Yeah, I missed out on all the Glibs talk this last weekend.  That said, if anyone in a position of governmental power in the US is keen on following timeframes they came up w—why are you laughing?  Oh, right.  Well, I’m still hopeful some of us will see businesses opening back up soon.  To that end, I don’t think I’m gonna have a lot merry, whimsical news to share, but, let’s get it on:


OK, I sort of find this whimsical.

Faygos up!  Realize this:  The Atlantic is now impressed with Juggalos.  Mmm-hmm…

Paging straffinrun (warning: music auto-play).  I can’t do any kind of drawing art, so, I find it online.  Check out his other vids, as he has a few examples of this devil’s trickery skill.

Here’s a little nighttime story for ya.  Just read up before you go to sleep.  Or, the doctor’s office…

You want a snow-boarding cat, you get a snow-boarding cat.  No, it’s pretty straight-forward.

The follow-up on that sand-in-the-playground crap I mentioned last week.  Yeah, it’s a bit old, but, you go, kids.

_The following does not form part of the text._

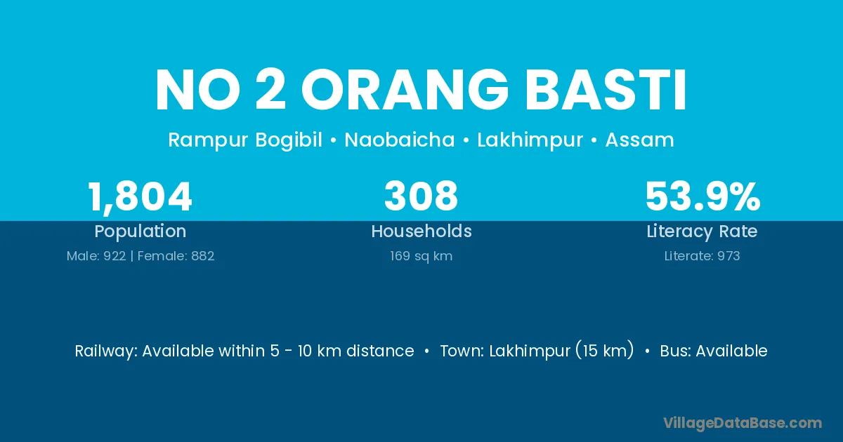Lakhimpur (15 km) is the nearest town to No 2 Orang Basti village for major economic activities and is located approximately 15 km away.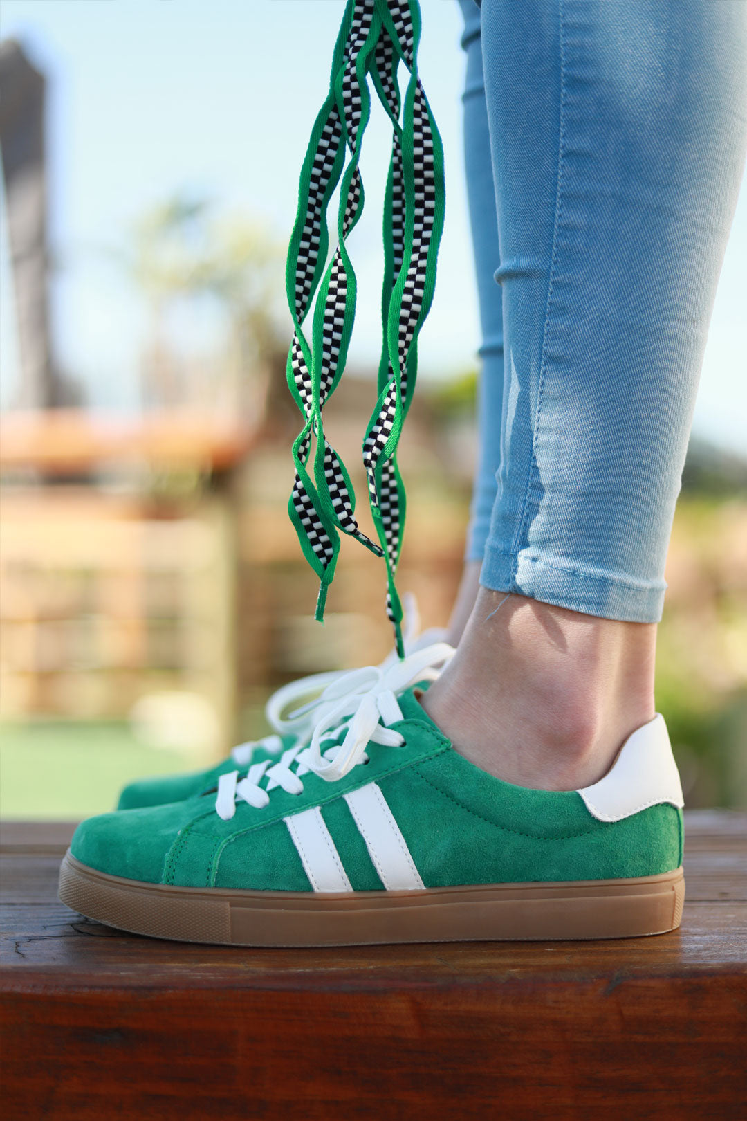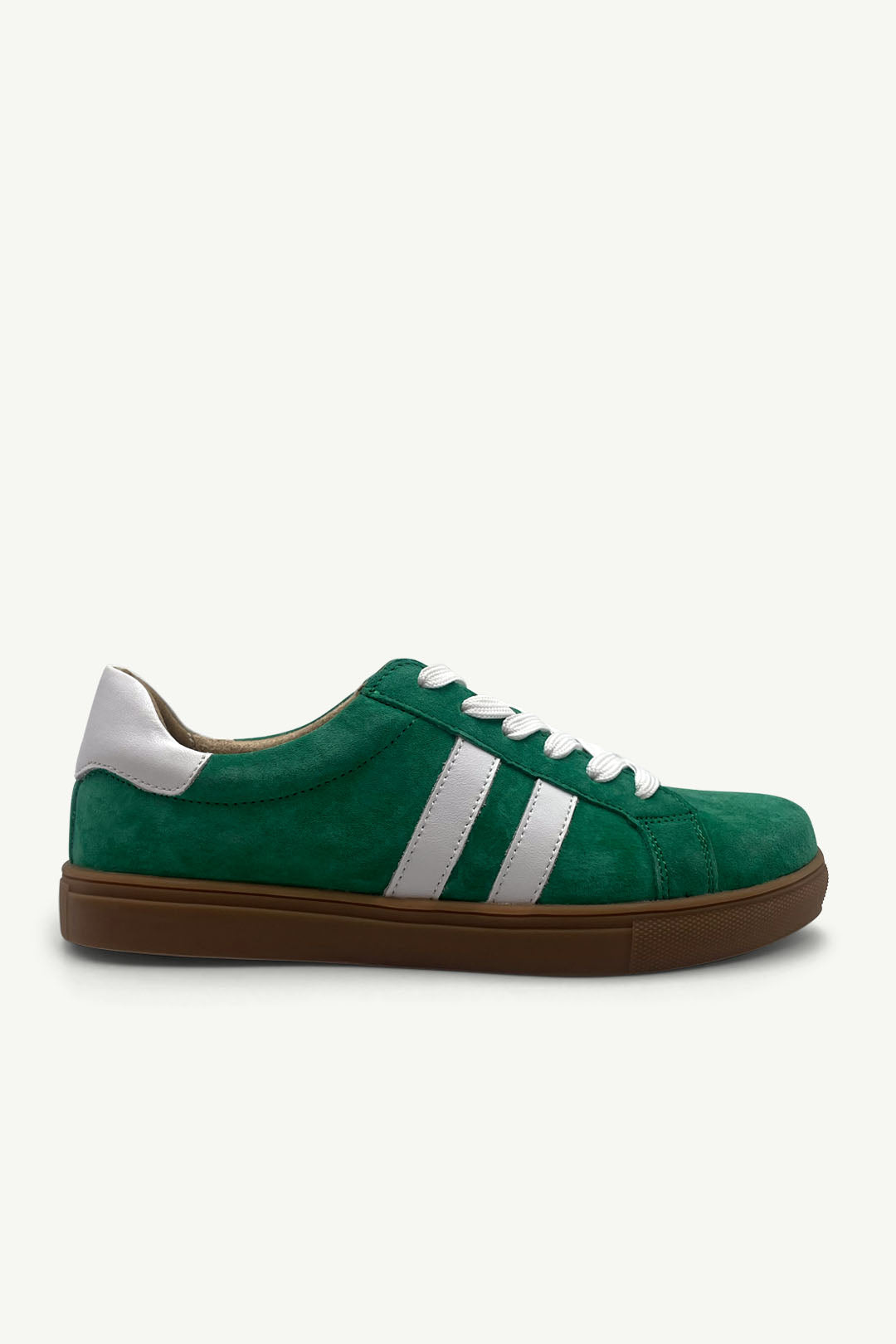 Meet the sneaker that doesn’t whisper, it speaks. Avri in Green + White is that pop of confidence your wardrobe’s been waiting for. With its rich emerald suede and crisp white stripes, this pair brings vintage varsity energy with a modern twist. Whether you’re off-duty or on the move, Avri’s got that cool-girl ease built in.

Got TrumpBucks?  Here’s a possible shopping list for you.

“We have to keep everybody safe.”   I guess those Amish should have just got a protective order—that should free the cops from this fakakta duty he’s claiming.

Oh, that Natty…  I bet you all remember your first naked, drunken funeral parlor romp, right?  (Note—I have never, ever been to NJ.)


Alright; I’m gonna quit while I’m ahead…  Breaking even.  OK, fine!–I’m just plain stopping here.  You can BYOM, if you require tunage.  I hope everyone is safe, healthy, and maintaining.  If not, I’m saying a little prayer for you, and will do what I can to help. Keep on keepin’ on.